[ENTRIES PROVIDED]
=== Begin Enclosure ===

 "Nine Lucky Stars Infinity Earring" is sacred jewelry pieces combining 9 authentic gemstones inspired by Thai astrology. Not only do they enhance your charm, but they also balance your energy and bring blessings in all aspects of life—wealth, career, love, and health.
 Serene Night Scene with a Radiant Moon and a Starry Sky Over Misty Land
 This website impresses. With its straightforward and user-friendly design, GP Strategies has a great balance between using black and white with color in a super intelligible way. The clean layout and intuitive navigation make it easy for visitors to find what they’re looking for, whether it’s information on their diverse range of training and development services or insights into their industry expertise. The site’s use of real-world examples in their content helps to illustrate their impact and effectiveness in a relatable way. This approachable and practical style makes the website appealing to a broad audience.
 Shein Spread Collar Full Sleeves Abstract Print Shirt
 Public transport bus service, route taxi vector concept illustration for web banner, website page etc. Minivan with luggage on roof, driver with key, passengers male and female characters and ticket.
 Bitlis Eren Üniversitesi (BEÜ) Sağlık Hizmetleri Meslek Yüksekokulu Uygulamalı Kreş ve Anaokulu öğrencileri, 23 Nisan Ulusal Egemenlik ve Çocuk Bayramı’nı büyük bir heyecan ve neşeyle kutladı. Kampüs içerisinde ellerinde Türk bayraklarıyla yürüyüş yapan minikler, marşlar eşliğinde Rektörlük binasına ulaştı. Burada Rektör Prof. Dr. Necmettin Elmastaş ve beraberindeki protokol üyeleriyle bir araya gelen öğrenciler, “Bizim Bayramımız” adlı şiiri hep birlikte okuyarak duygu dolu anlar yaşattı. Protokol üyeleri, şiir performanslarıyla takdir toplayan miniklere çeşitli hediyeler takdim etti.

=== End Enclosure ===
=== Begin Enclosure ===

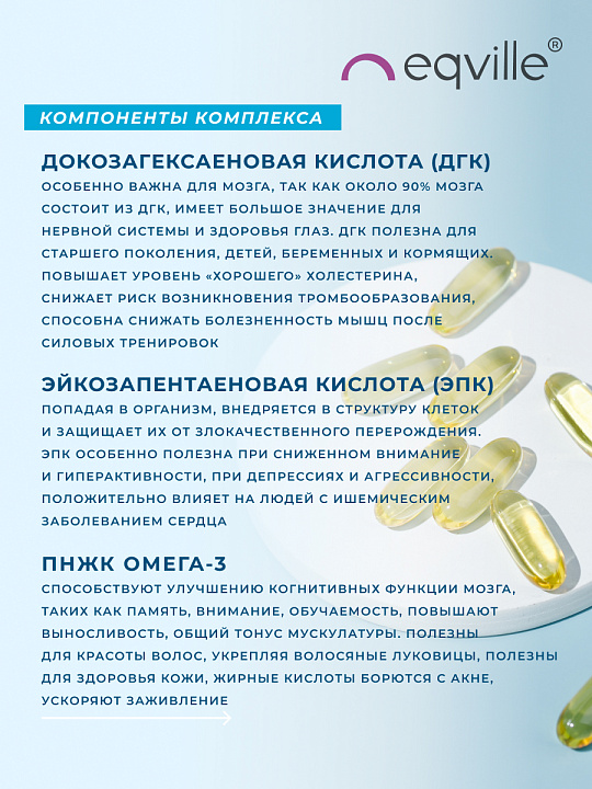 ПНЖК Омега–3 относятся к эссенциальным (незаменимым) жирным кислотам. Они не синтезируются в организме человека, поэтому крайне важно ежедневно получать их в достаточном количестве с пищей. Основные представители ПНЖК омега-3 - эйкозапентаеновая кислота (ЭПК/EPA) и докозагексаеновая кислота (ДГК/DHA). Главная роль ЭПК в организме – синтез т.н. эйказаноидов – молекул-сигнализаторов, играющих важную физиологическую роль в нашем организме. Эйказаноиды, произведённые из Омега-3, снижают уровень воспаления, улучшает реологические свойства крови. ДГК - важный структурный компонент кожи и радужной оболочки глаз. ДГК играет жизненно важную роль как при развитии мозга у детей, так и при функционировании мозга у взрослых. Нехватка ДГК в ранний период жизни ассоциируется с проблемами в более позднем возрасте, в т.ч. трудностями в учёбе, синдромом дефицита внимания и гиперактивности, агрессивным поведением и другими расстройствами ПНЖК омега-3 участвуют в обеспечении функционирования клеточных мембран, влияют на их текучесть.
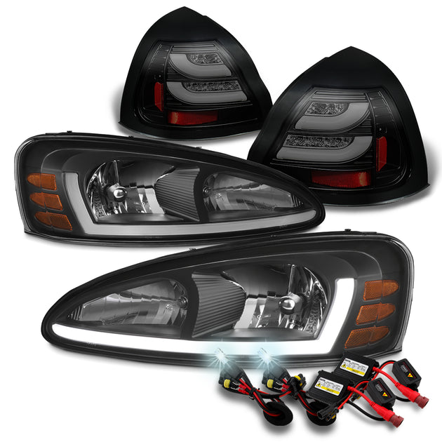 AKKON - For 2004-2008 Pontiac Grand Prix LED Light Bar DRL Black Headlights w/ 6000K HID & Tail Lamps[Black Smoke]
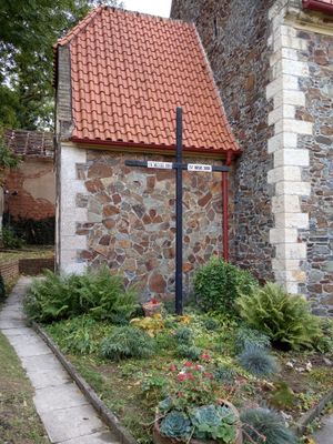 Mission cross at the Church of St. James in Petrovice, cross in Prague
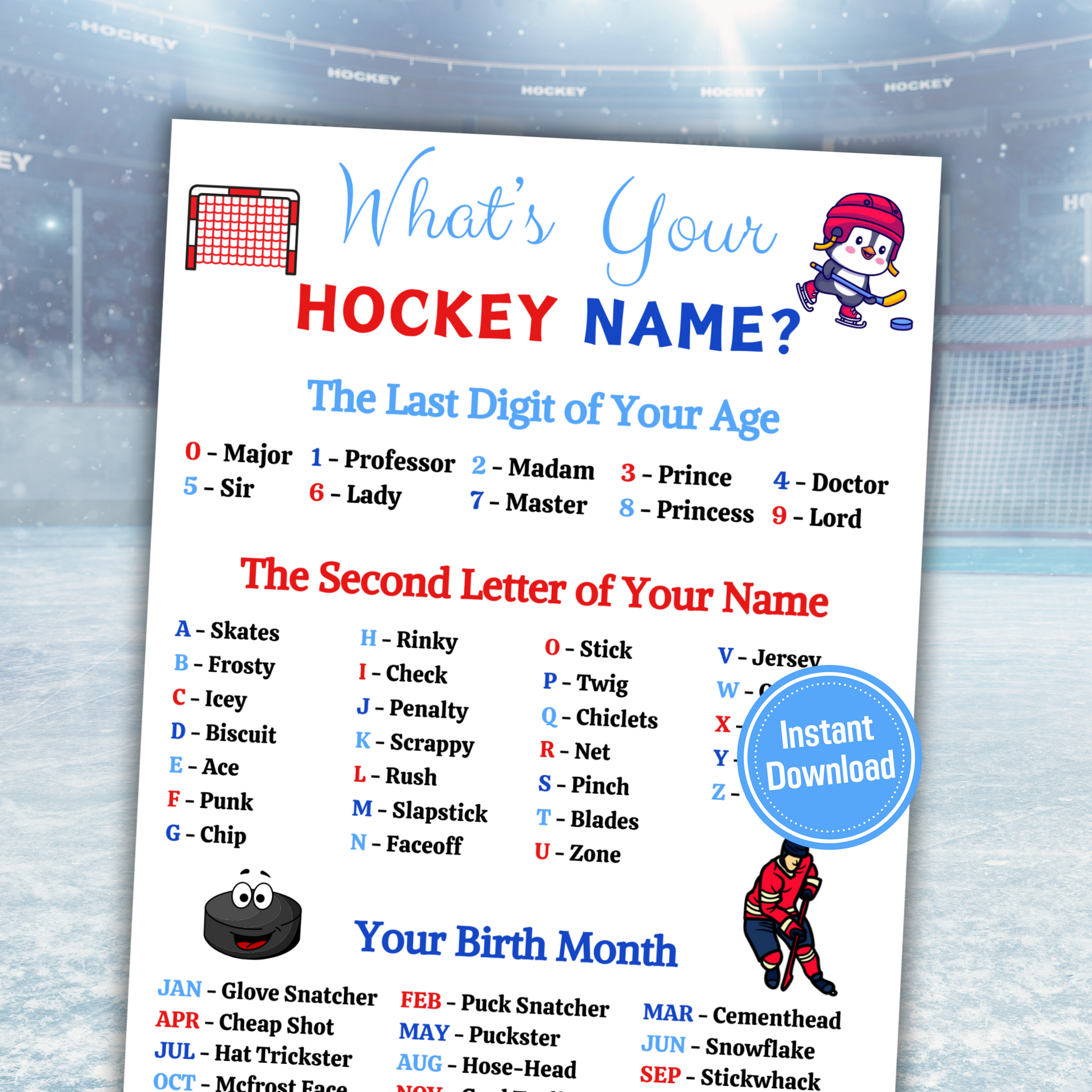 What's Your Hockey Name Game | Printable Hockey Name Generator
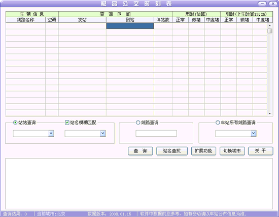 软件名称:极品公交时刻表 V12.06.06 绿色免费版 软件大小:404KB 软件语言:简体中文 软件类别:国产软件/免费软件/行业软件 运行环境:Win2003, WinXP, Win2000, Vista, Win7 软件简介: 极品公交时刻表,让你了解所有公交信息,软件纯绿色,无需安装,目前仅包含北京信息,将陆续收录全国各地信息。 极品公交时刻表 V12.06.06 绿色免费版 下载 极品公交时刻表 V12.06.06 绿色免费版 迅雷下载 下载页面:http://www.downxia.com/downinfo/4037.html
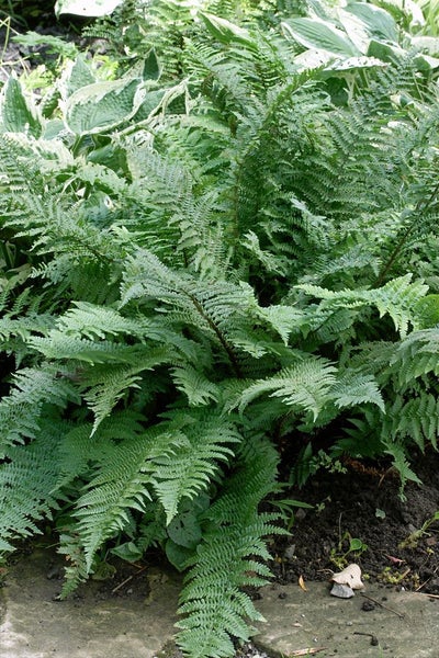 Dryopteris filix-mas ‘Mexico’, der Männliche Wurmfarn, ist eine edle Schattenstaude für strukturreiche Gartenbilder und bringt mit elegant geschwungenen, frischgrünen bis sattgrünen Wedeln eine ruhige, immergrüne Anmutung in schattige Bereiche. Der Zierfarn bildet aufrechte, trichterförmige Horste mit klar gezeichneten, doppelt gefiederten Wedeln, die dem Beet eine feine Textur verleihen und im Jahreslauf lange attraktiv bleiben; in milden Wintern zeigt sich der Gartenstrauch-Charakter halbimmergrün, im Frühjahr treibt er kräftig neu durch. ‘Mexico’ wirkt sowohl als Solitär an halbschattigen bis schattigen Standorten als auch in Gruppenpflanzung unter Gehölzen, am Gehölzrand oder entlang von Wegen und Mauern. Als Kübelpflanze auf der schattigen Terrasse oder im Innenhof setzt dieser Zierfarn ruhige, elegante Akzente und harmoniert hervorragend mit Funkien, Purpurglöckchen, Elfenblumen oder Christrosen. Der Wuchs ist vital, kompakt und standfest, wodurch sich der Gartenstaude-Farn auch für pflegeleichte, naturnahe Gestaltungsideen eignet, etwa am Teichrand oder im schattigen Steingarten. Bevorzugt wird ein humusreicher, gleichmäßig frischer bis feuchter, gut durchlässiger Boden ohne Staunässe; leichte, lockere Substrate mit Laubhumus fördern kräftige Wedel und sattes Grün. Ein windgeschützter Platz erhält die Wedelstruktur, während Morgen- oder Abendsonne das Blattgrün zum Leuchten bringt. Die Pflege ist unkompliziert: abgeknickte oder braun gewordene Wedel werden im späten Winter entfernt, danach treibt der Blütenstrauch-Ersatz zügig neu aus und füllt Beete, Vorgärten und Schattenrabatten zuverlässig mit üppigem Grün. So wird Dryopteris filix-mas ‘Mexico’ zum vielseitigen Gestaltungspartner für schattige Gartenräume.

=== End Enclosure ===

[WHAT IS NEEDED]
Only one part of the material above is to be transcribed, namely the lines starting with the line that has "love, and health." and going on through the line that has "Shein Spread Collar", exactly as they stand.

[TASK OUTPUT]
 "Nine Lucky Stars Infinity Earring" is sacred jewelry pieces combining 9 authentic gemstones inspired by Thai astrology. Not only do they enhance your charm, but they also balance your energy and bring blessings in all aspects of life—wealth, career, love, and health.
 Serene Night Scene with a Radiant Moon and a Starry Sky Over Misty Land
 This website impresses. With its straightforward and user-friendly design, GP Strategies has a great balance between using black and white with color in a super intelligible way. The clean layout and intuitive navigation make it easy for visitors to find what they’re looking for, whether it’s information on their diverse range of training and development services or insights into their industry expertise. The site’s use of real-world examples in their content helps to illustrate their impact and effectiveness in a relatable way. This approachable and practical style makes the website appealing to a broad audience.
 Shein Spread Collar Full Sleeves Abstract Print Shirt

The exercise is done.